Шендесс нажал рычажок на крышке письменного стола. Такое устройство находилось теперь в кабинете любого Оратора, и в кабинете Гендибаля в том числе — явное проявление демократии. Вторая Академия представляла собой сообщество равных возможностей во всех проявлениях, порой самых незначительных. Ведь единственной фактической прерогативой Первого Оратора было слово, содержащееся в его титуле — он всегда говорил Первым.
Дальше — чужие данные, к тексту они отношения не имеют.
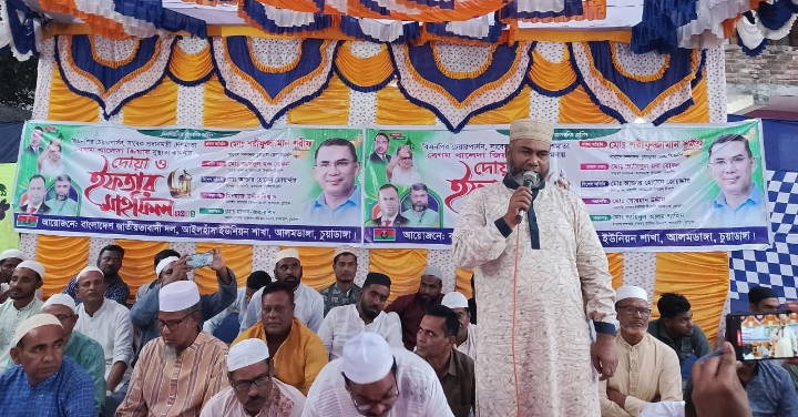 নিজস্ব প্রতিবেদকঃ পবিত্র মাহে রমজান উপলক্ষে চুয়াডাঙ্গার আলমডাঙ্গা উপজেলার আইলহাস ও নাগদাহ ইউনিয়ন বিএনপির উদ্যোগে এক দোয়া ও ইফতার মাহফিল অনুষ্ঠিত হয়েছে। রবিবার (৯ মার্চ) ঘোলদাড়ি ফুটবল মাঠ প্রাঙ্গণে আয়োজিত এ মাহফিলে সাবেক প্রধানমন্ত্রী ও বিএনপি চেয়ারপারসন বেগম খালেদা জিয়ার সুস্বাস্থ্য ও দীর্ঘায়ু কামনায় বিশেষ মোনাজাত করা হয়।
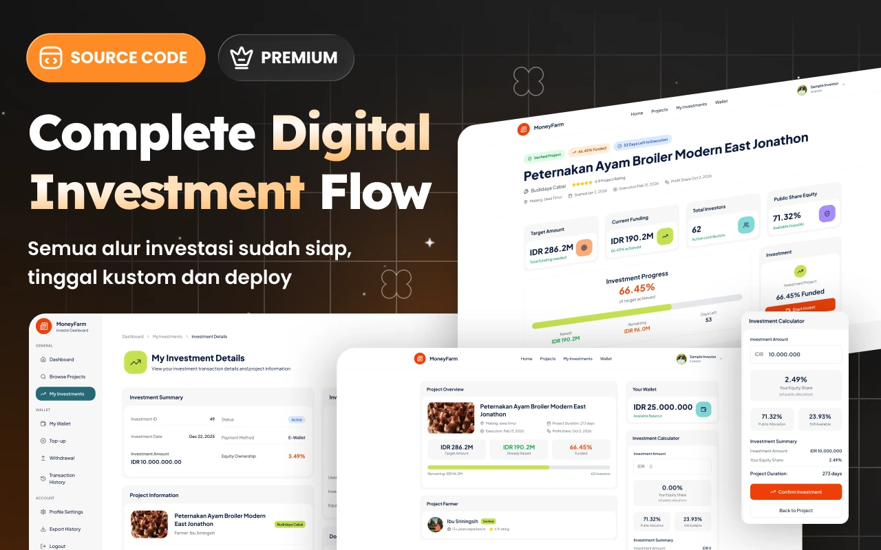 Agensi dapat memakai codebase ini sebagai “starter kit” untuk membangun platform investasi custom versi klien (misalnya investasi ternak, pertanian, atau crowdfunding bisnis).
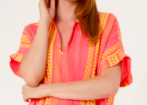 With its playful Aztec-inspired stripe print and gentle collar detail, this one-piece wonder flatters all the right places with a loose, easy fit (UK 8–16) — complete with hidden pockets (yes, really!) for that laid-back luxe feel.
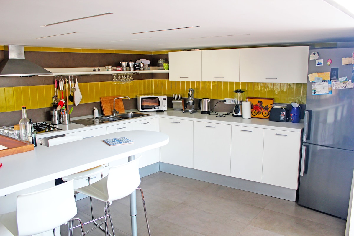 Departamento luminoso de 100 metros cuadrados recientemente renovado, situado en el tercer piso de un edificio antiguo sin ascensor, situado en el corazón de los barrios españoles, a pocos pasos del centro histórico. La casa consta de: 3 habitaciones dobles con baño privado, cocina/sala de estar común, lavandería con lavadora disponible para los huéspedes, terraza equipada con 130 metros cuadrados con cocina incorporada y acceso directo desde la casa y vistas a los tejados de Nápoles, el Vesubio y la Certosa de San Martino.

Комната постепенно погрузилась в темноту, но вскоре во мраке засветилась жемчужная дымка. Обе длинные боковые стены кабинета стали молочно-белыми, свечение их разгоралось всё сильнее, и, наконец, на их поверхности возникли аккуратно очерченные уравнения — такие крошечные, что прочитать их можно было с большим трудом.
— Если вы не возражаете, Оратор, — предложил Шендесс с полной уверенностью в том, что возражений и быть не может, — мы уменьшим изображение для того, чтобы одновременно увидеть как можно больше.
Мелкие значки съежились, превратились в тончайшие — с волосок — линии, образовавшие причудливые рисунки на жемчужно-белом фоне.
Первый Оратор коснулся клавиш небольшого пульта, встроенного в подлокотник кресла.
— Вернёмся в самое начало — во времена Гэри Селдона. И сообщим Радианту некоторое движение вперёд. Скорость его составит одно десятилетие за момент наблюдения. При этом у нас возникнет восхитительное ощущение плавания по реке истории, не отвлекаясь на детали. Интересно, вы когда-нибудь проделывали подобное?
— Именно в таком виде — никогда, Первый Оратор.
— А следовало бы. Чувство просто потрясающее. Вот, обратите внимание, сколь широка черная линия в самом начале. В течение первых нескольких десятилетий вероятность отклонений была чрезвычайно низка. Со временем число ответвлений от генеральной линии экспоненциально нарастает, увы. Если бы не тот факт, что при избрании определённого ответвления множество остальных со временем угасает, отмирает, ход истории был бы неуправляем. Конечно, думая о будущем, мы должны быть крайне осторожны в том, на какие угасания рассчитывать и какие ответвления избирать.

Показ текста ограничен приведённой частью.